Capítulo 19. Sus verdaderos colores.


—Gracias por acompañarme y esperar por mí.

—No hay de qué.

—También por ayudarme en la escuela.

—Ni lo menciones.

—Y por traerme a casa.

Inuyasha sonrió divertido. —No tienes que agradecer tanto.

—Lo siento...

—Ya habíamos hablado sobre las disculpas también.

Kagome se sonrojó y bajó la mirada al suelo, riéndose apenada.

Estaban sentados en la banca junto al Goshinboku. Llevaban un rato allí, desde que Kagome se había bajado del auto e Inuyasha había hecho lo mismo para acompañarla escaleras arriba, solo para asegurarse de que llegase con bien. Habían terminado conversando en lugar de despedirse, buscando de alguna manera prolongar el tiempo que tenían juntos.

Ninguno sabía con certeza cómo estaban las cosas entre ellos ahora. Tampoco sabían cómo arreglar su intento de "amistad" porque ninguno de los dos estaba seguro de lo que el otro sentía en realidad.

Kagome pensaba que Inuyasha volvería a pasar de ella como solía hacerlo; además, darse cuenta de los sentimientos que albergaba por el ambarino era nuevo y aterrador. Por su parte, Inuyasha estaba seguro de que Kagome no lo disculparía por la forma en la que estuvo comportarse con ella los días anteriores.

Ambos sentían como que, si se decían adiós ahora, ya no habría certeza de que volverían a hablar en algún momento.

Así que no querían decir adiós

No aún.

—¿Cómo te sientes?

—¿Crees que está mal decir que estoy bien? —preguntó ella con un deje de tristeza—. Es extraño... siento que no debería sentirme tan en calma como lo hago justo ahora.

—¿Por qué estaría mal?

—No lo sé... siento que debería estar devastada. —Bajó la vista—. De alguna forma lo estoy, solo me siento en calma también.

—No tienes que ser miserable para demostrar que lo extrañas —dijo.
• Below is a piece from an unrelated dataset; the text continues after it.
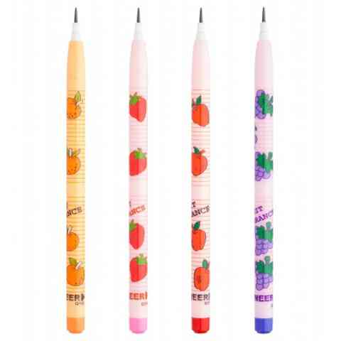 Vidám színek és néhány mutatós gyümölcsös minta nagyon jól mutat egy ceruzán, különösen ha egy kellemes illatú tolóbetétes írószerről van szó, aminek a hegyét egyetlen mozdulattal cserélhetjük, így mindig írásra és rajzolásra készen várakozik a tolltartónkban. A tolóbetétes ceruza nemcsak esztétikus látványt nyújt, hanem a tolóbetét segítségével mindig hegyes ceruzával dolgozhatnak a gyerekek ha éppen arra van a legnagyobb szükség. Ha elkopott a fej, akkor csak annyi a teendő, hogy alulról ki kell húzni, és felül bedugni.

La volteó a ver al mismo tiempo que ella lo hizo, encontrándose con sus ahora rojizos ojos azules—. No tienes que sentirte culpable por estar viva.
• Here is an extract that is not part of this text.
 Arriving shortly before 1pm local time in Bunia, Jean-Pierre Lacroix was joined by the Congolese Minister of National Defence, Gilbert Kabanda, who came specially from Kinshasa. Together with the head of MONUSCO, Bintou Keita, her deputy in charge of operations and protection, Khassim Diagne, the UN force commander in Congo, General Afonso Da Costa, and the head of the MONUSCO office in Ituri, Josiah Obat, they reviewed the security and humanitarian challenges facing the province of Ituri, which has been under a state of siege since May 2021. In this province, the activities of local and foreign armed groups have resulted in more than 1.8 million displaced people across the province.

—Es solo que... es la primera vez —admitió con pesar—. Es la primera vez que voy a visitarlo desde que...

«Murió».

Seguía sin poder decirlo en voz alta. A pesar de haberlo visto frente a ella, aún se le cerraba la garganta de solo pensar pronunciar esa palabra.

—No me había acercado al cementerio desde el entierro de mi madre. —Los ojos de Kagome se abrieron en sorpresa ante su declaración—. Ir contigo hoy es lo más cerca a ella que he estado en cinco años.
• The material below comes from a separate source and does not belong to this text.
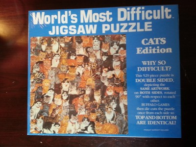 | На тему сложных пазлов. Существуют действительно сложные двусторонние пазлы типа такого: ![]() Прелесть их не только в рисунке (само по себе это не проблема), а еще и в том, что на обратной стороне напечатан тот же самый рисунок (м. б. повернутый на 90˚). Это усложняет сборку в разы, потому что каждый элемент и даже собранные сегменты приходится по многу раз переворачивать, и даже с небольшим количеством кусков (≈500) бывает невероятно весело. У меня дома была когда-то версия с разноцветными котиками и всеми вышеперечисленными свойствами: Обсуждение этого сообщения (2) | ||

Era cierto. De no haber sido por Rin, seguro tampoco hubiese asistido al entierro. Claro que sus motivos para no querer ir eran diferentes a los de Kagome. Estaba dolido, sí, pero no visitaba a su madre no porque no pudiese, simplemente era que jamás podría perdonarle lo que hizo; lo que le hizo a Rin y a él.

El hermano de Kagome se merecía el cielo; la madre de Inuyasha no.

—Inuyasha...

—Fuiste valiente, así que no te sientas mal por estar orgullosa de ello. —Le apartó con cariño el cabello del rostro y le dedicó una media sonrisa—. Joder, incluso yo estoy orgulloso de ti.

Kagome no pudo devolverle la sonrisa, sintiéndose agasajada de una manera abrumadora. Las palabras de Inuyasha siempre le calaban tan profundo que la estremecían.

—¿Cómo lo haces? —preguntó queda, disfrutando del suave contacto que dejaban los dedos de él al poner un mechón tras su oreja.

—¿El qué?

—Siempre sabes que decir...

—¿Eso crees? —Negó con la cabeza y apartó las manos al mismo tiempo que la mirada—. No es así.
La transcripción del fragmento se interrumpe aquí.